Scaling at startup speed: Lovable’s journey to smarter observability with Grafana Cloud
AI app builder Lovable has quickly become one of Europe’s fastest-growing startups, helping users instantly generate front-end web applications using natural language prompts. As the company scaled from launch to $100M ARR in less than eight months, the company’s small engineering team faced a big challenge: how to consolidate observability across multiple cloud providers while maintaining startup speed.
Lovable’s observability was scattered across several cloud providers, making it difficult to gain a clear view of performance across systems. The team needed a centralized platform that could connect diverse data sources, support OpenTelemetry, and provide reliability.
That’s when Lovable turned to Grafana Cloud, which let the team keep open standards while gaining scalability, performance, and hands-on support. They also benefited from features only available in Grafana Cloud, including the Adaptive Telemetry suite, which helped them lower their costs considerably and operate more efficiently.
“Grafana Cloud gave us a single place for all our observability and the freedom to integrate with all the tools in our tech stack,” said Viktor Eriksson, Member of Technical Staff at Lovable.
Building unified observability from day one
Lovable chose Grafana Cloud to monitor all their telemetry signals – metrics, logs, traces, and profiles – in one place, giving them an integrated stack that could handle their growing workloads without the operational strain.
Grafana’s extensive datasource support and plugin ecosystem meant Lovable could integrate its entire stack quickly. The flexibility of Grafana’s platform also allowed them to swap out specific components when needed without disruption, keeping Lovable’s monitoring open, adaptable, and vendor-neutral.
Scaling with flexibility and reliability
As Lovable’s user base grew, telemetry volume expanded rapidly. To keep costs under control, the team adopted Adaptive Metrics, part of the Adaptive Telemetry suite. This feature automatically drops redundant time series and controls data growth reducing Lovable’s metrics volume by 93%. That alone translated into tens of thousands of dollars in monthly savings.

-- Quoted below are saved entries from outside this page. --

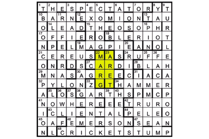 The name was Margaret, whose various versions are suggested by THE SPECTATOR (1: Mag), BARN OWL (10/36: Madge), LEAD HAMMER (14/34: Madge), MAGPIE (19A: Madge or Maggie), CRICKET STUMP (48: Peg), HALFPENNY (2: Mag or Meg), TURTLE HARPOON (9: Peg), PIN (16: Peg) and TEASE (Mag). MARGARET (22/23) was to be shaded. Title: cf. pearl, the meaning of Margaret.
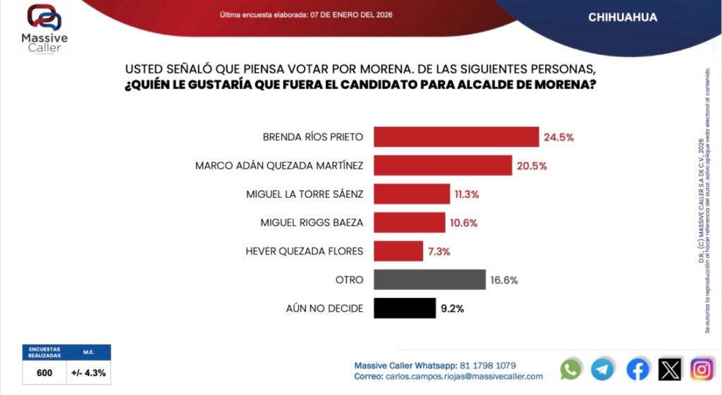 Respeto a la candidatura de Morena, la diputada local Brenda Ríos está en primer lugar, con el 24.5 por ciento y en segundo lugar el exalcalde y expriista Marco Quezada, con el 20.5 por ciento, seguidos por el expanista Miguel La Torre, el regidor Miguel Riggs y el funcionario federal Hever Quezada.
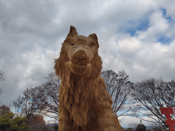 2025年の冬に公演に出現したのは巨大な山犬のかがしでした。
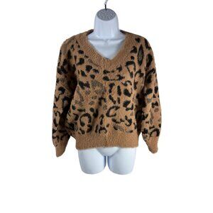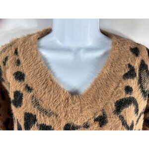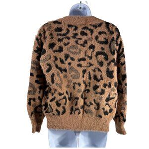 Womens Mystree Fuzzy Animal Cheetah Print Pullover Sweater Cozy Soft Size Small
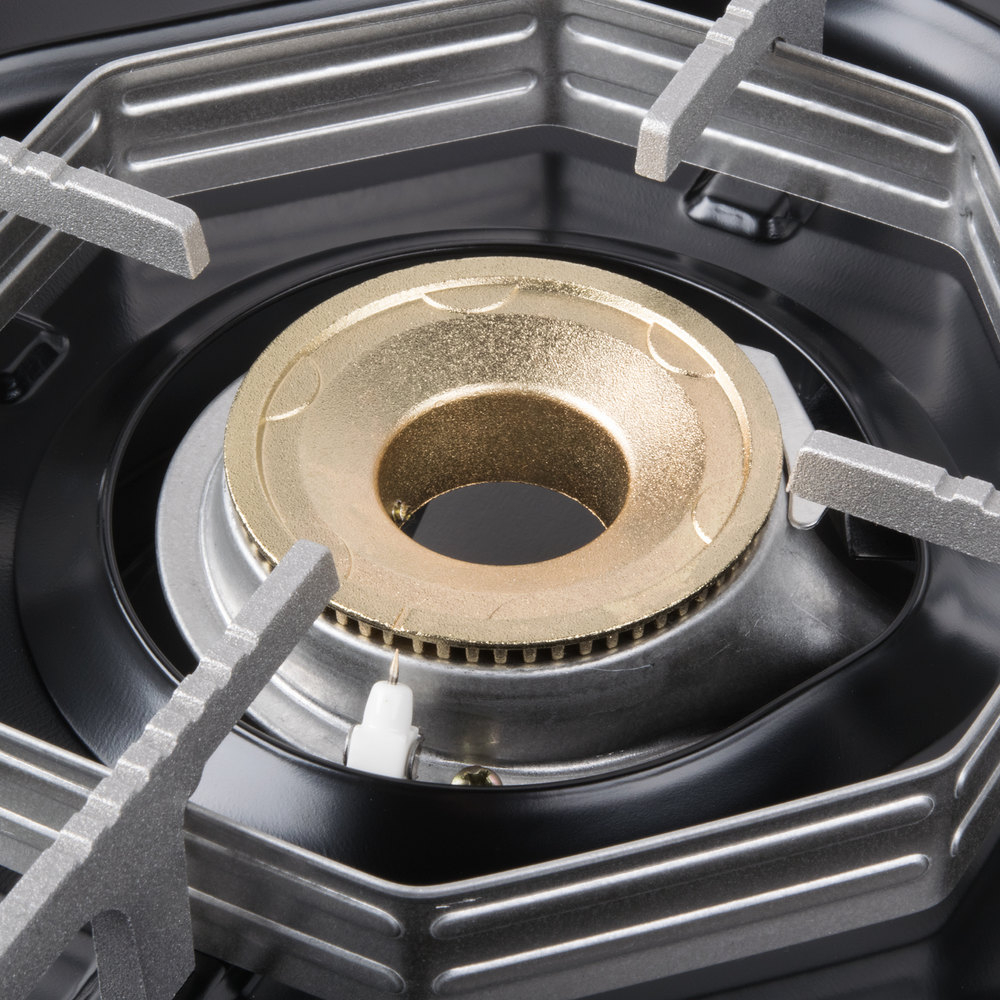 BRASS BURNER: The brass burner on this butane stove holds heat well, resists corrosion, and also resists warping or deforming.
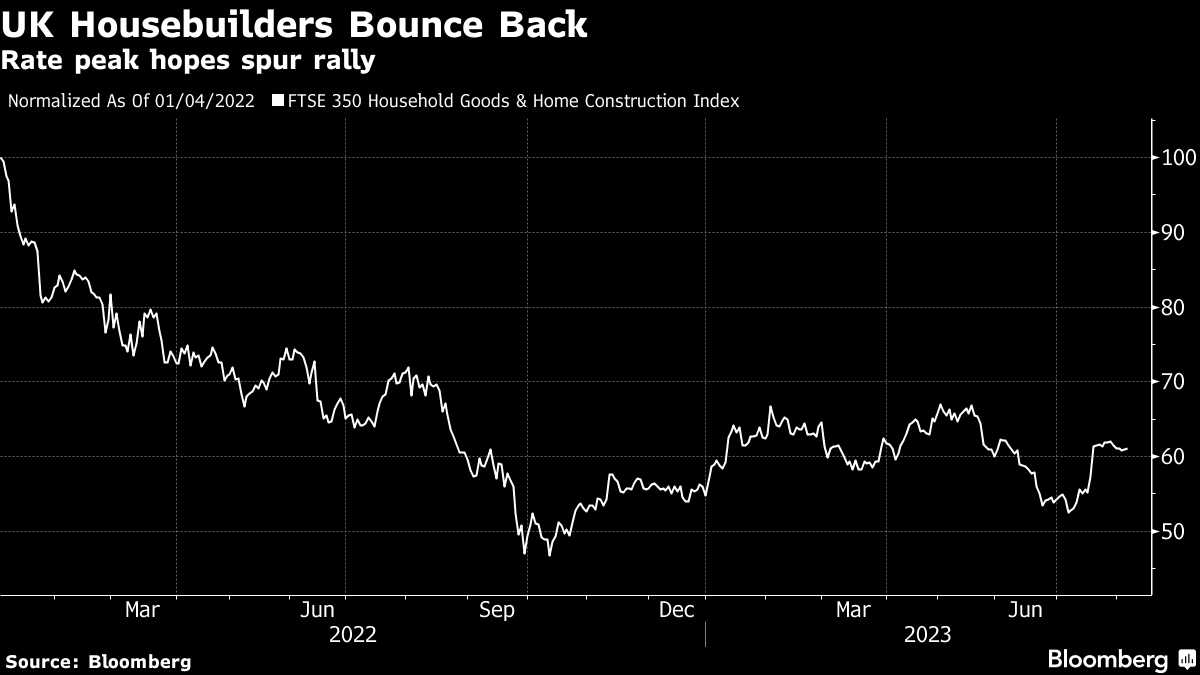 上次我们看到,房地产开发商股票(如下图所示的相关FTSE 350部门)正在下跌,因为市场对英国利率的预期稳步上升。

“Adaptive Metrics helped us drastically reduce costs while keeping the visibility we needed,” says Eriksson.
The team also began using Adaptive Traces to manage high-throughput tracing more efficiently, and Grafana Cloud Profiles to analyze performance issues like memory leaks directly through Grafana’s interface.

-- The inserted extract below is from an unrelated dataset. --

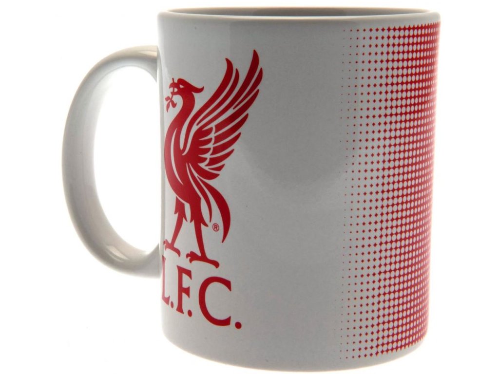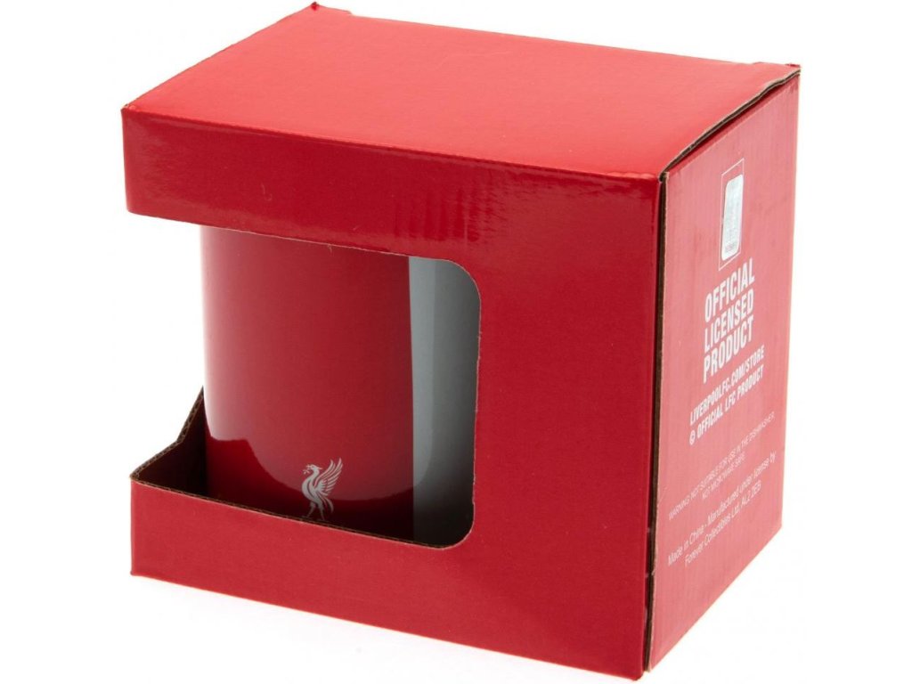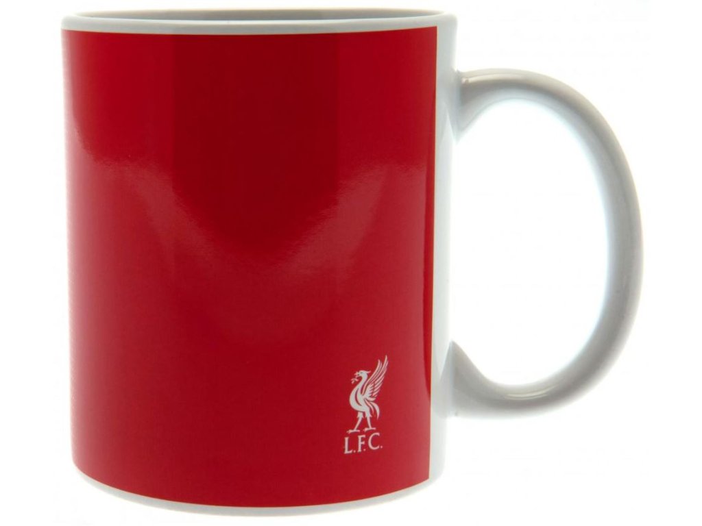 Oficiální hrnek a doplňkové zboží z katalogu produktů se znakem a grafikou v klubových barvách slavného britského fotbalového klubu Liverpool FC.
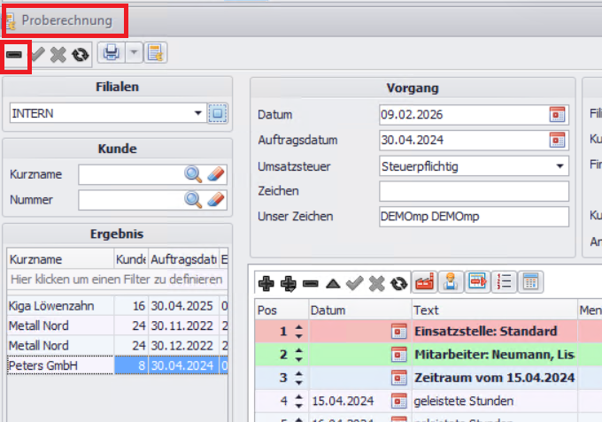 Soll eine Proberechnung gelöscht werden, kann dies in der Proberechnung selbst über das Minuszeichen erfolgen. In diesem Fall erscheint in der Fakturierung wieder der Status KD „OK“.

Results: a reliable, scalable observability foundation
Today, Lovable runs a unified observability stack in Grafana Cloud, and the results speak for themselves:
- Improved reliability: Grafana Cloud delivers consistently stable performance, with minimal outages and dependable uptime.
- Costs controlled: Adaptive Metrics reduced redundant time series and cut spend by tens of thousands of dollars each month.
- Broad integration: Large datasource and plugin support allow Lovable to consolidate observability across multiple providers in one place.
- Enhanced efficiency: Grafana Cloud Profiles and Adaptive Traces enable the team to diagnose issues faster and optimize performance.
- “White-glove” support experience: Direct communication with engineering, and faster response times have transformed the partnership.
What’s next for Lovable
As Lovable continues to grow at startup speed, the team is focused on scaling efficiency and deepening visibility across its entire platform. They’re consolidating more of their monitoring within Grafana Cloud, including Frontend Observability to gain a true single pane of glass for all services.
They’re also now exploring AI-powered observability with Grafana Assistant, a context-aware AI agent built for Grafana. They think it can help Lovable engineers stay lean and accelerate troubleshooting by reducing mean time to resolution.
For Lovable, Grafana Cloud has become more than an observability platform, it’s a strategic partner enabling the company to innovate faster, scale smarter, and stay focused on building the next generation of AI-driven experiences.